__What this task involves__: In the material below, find the span from the line with "Name of Student:Course:Semester:No" to the line with "5月11日下午,日本av在线" and transcribe only those lines, exactly, ends included, without the pictures.

__Provided records__:
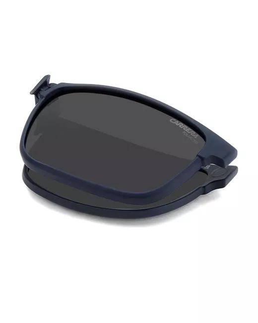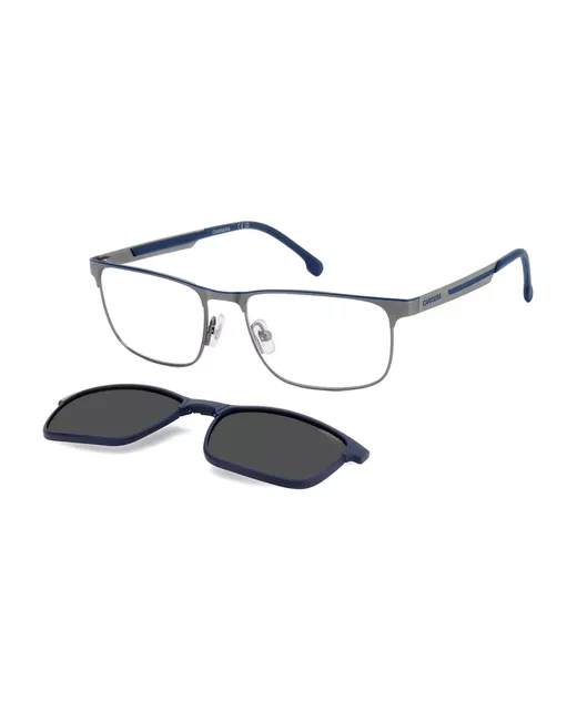 dark blue metal frame rectangle frame clip-on sunglasses logo detail nose pads These glasses come with a protective case.
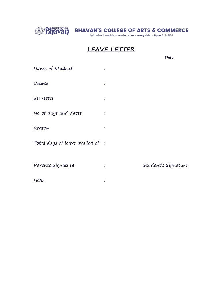 Name of Student:Course:Semester:No of days and dates:Reason:Total days of leave availed of:Parents Signature:HOD:Date:Students Signature
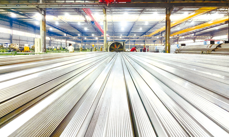 该公司产品覆盖不锈钢卷带、镀锌卷带、门窗、金属结构等品类,从原材料加工到成品包装,全流程生产线带动了周边村民就近就业增收。
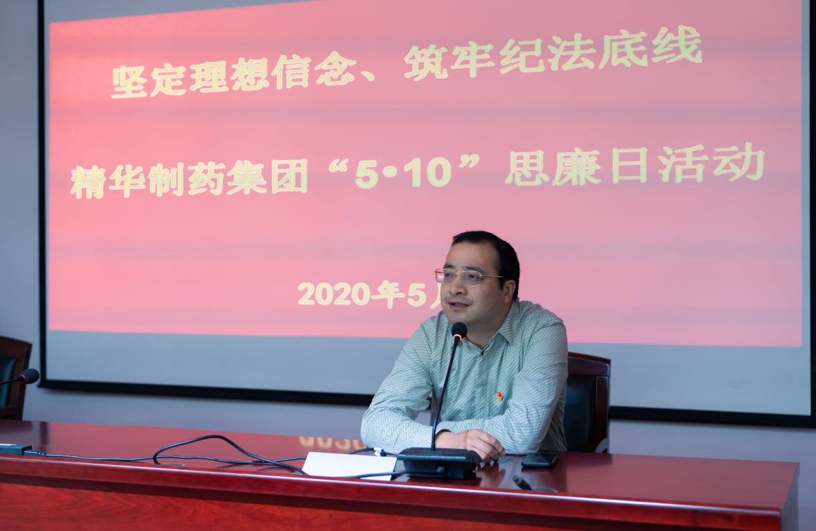 5月11日下午,日本av在线 党委在三楼会议室组织开展“精华制药‘5•10’思廉日”警示教育和党委书记上廉政党课活动。参加本次活动的有集团直属支部、制剂生产支部、制剂销售支部和原料药第一党支部的党员干部职工。党委副书记钱卫峰主持了本次活动。
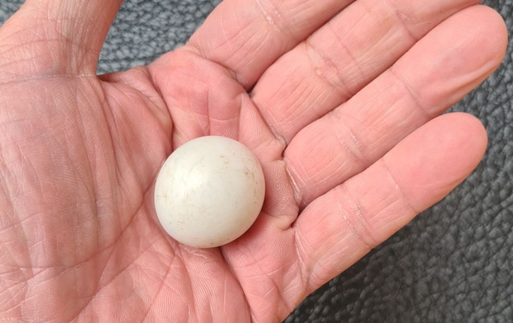 Dat doet me denken aan die keer dat we in een nestkast een min of meer voor steenuilen normaal formaat ei aantroffen en een soort van reuzenei. Beide koud. We snapten er geen jota van. Hoe kon een steenuilenvrouw nu op zo’n ei broeden? Over de vraag hoe ze zo’n ei had kunnen leggen, lieten we onze gedachten maar helemaal niet gaan. We zagen al allerlei gynaecologische ingrepen voor ons die ons de rillingen over de rug deden lopen. De afmetingen van het reuzenei bleken verrassend goed overeen te komen met die van een kippenei. Maar ons kwartje viel nog niet. Dat gebeurde pas toen we een foto van beide eieren naar inmiddels wijlen steenuilenonderzoeker en dierenarts Peter Beersma stuurden. Die wees ons fijntjes op de kleine putjes in het reuzenei. Vier stuks, twee op gelijke afstand boven en twee een paar centimeter daaronder. Zijn conclusie: een kippenei. In het nest gedropt door een steenmarter. Daarmee kwam een eind aan dromen over krantenkoppen die ons onsterfelijk beroemd zouden maken.

__Expected answer__:
 Name of Student:Course:Semester:No of days and dates:Reason:Total days of leave availed of:Parents Signature:HOD:Date:Students Signature
 该公司产品覆盖不锈钢卷带、镀锌卷带、门窗、金属结构等品类,从原材料加工到成品包装,全流程生产线带动了周边村民就近就业增收。
 5月11日下午,日本av在线 党委在三楼会议室组织开展“精华制药‘5•10’思廉日”警示教育和党委书记上廉政党课活动。参加本次活动的有集团直属支部、制剂生产支部、制剂销售支部和原料药第一党支部的党员干部职工。党委副书记钱卫峰主持了本次活动。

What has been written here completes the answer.